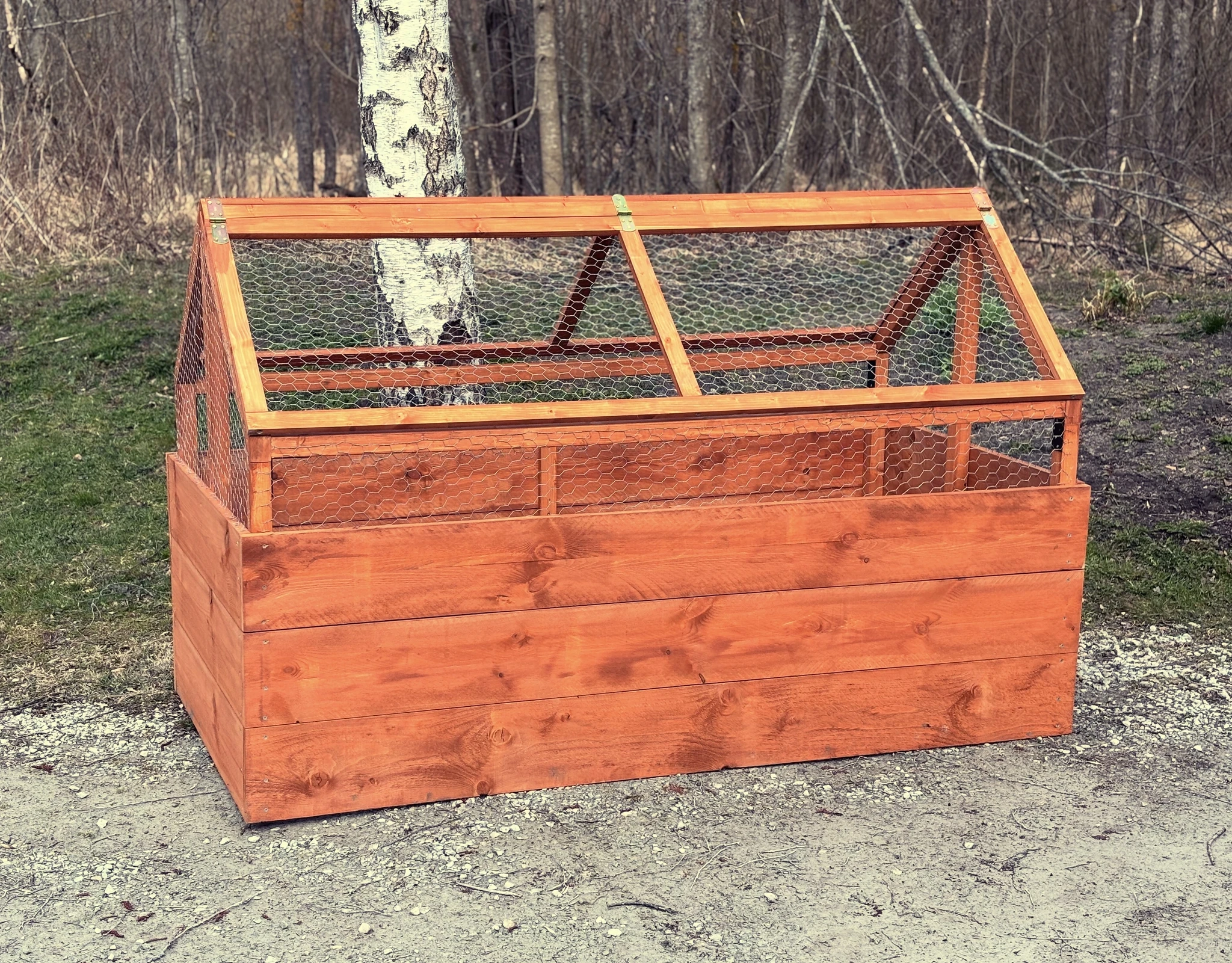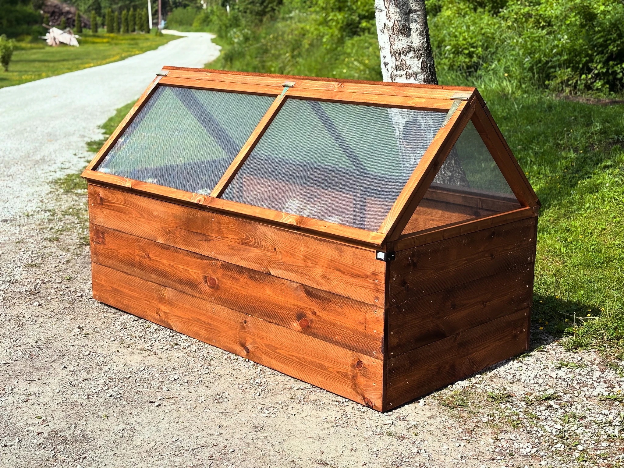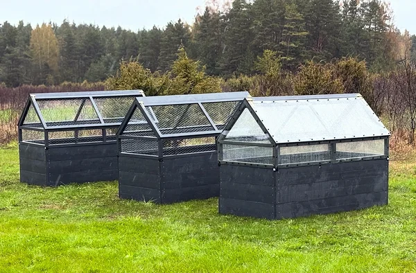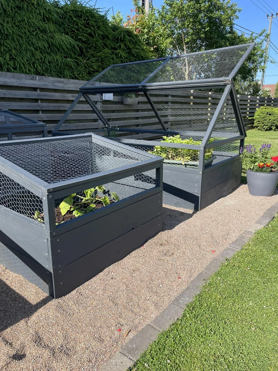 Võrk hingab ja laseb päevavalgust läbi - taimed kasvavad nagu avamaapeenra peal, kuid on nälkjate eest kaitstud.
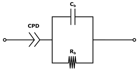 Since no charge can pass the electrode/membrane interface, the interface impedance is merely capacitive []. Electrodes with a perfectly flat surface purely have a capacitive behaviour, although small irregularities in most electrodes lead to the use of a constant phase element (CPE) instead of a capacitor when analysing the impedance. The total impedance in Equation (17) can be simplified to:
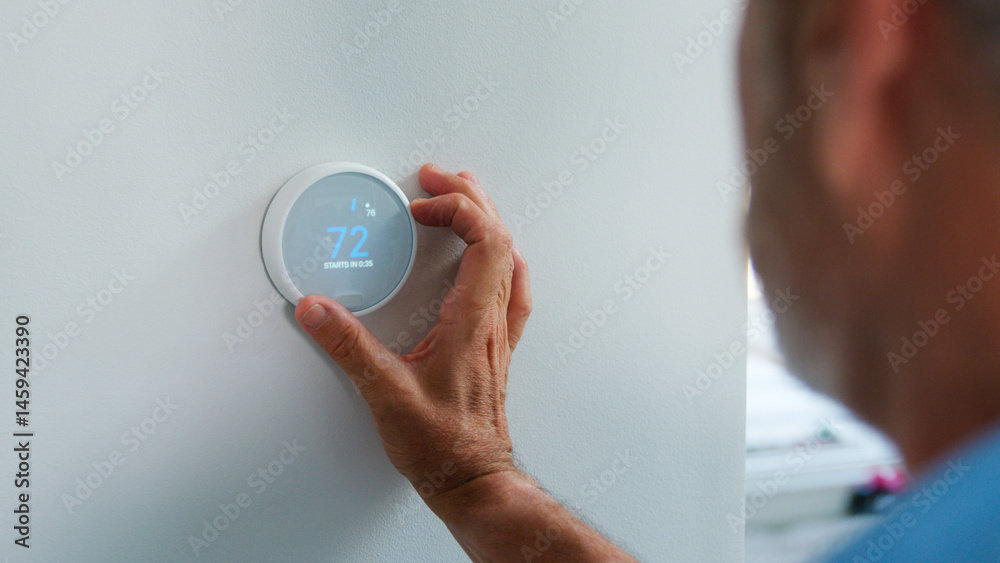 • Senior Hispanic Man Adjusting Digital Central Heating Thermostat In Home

• • • • •

→ About this exercise
The expected answer is the full listing above, transcribed exactly and without pictures.

→ Expected answer
 Võrk hingab ja laseb päevavalgust läbi - taimed kasvavad nagu avamaapeenra peal, kuid on nälkjate eest kaitstud.
 Since no charge can pass the electrode/membrane interface, the interface impedance is merely capacitive []. Electrodes with a perfectly flat surface purely have a capacitive behaviour, although small irregularities in most electrodes lead to the use of a constant phase element (CPE) instead of a capacitor when analysing the impedance. The total impedance in Equation (17) can be simplified to:
 • Senior Hispanic Man Adjusting Digital Central Heating Thermostat In Home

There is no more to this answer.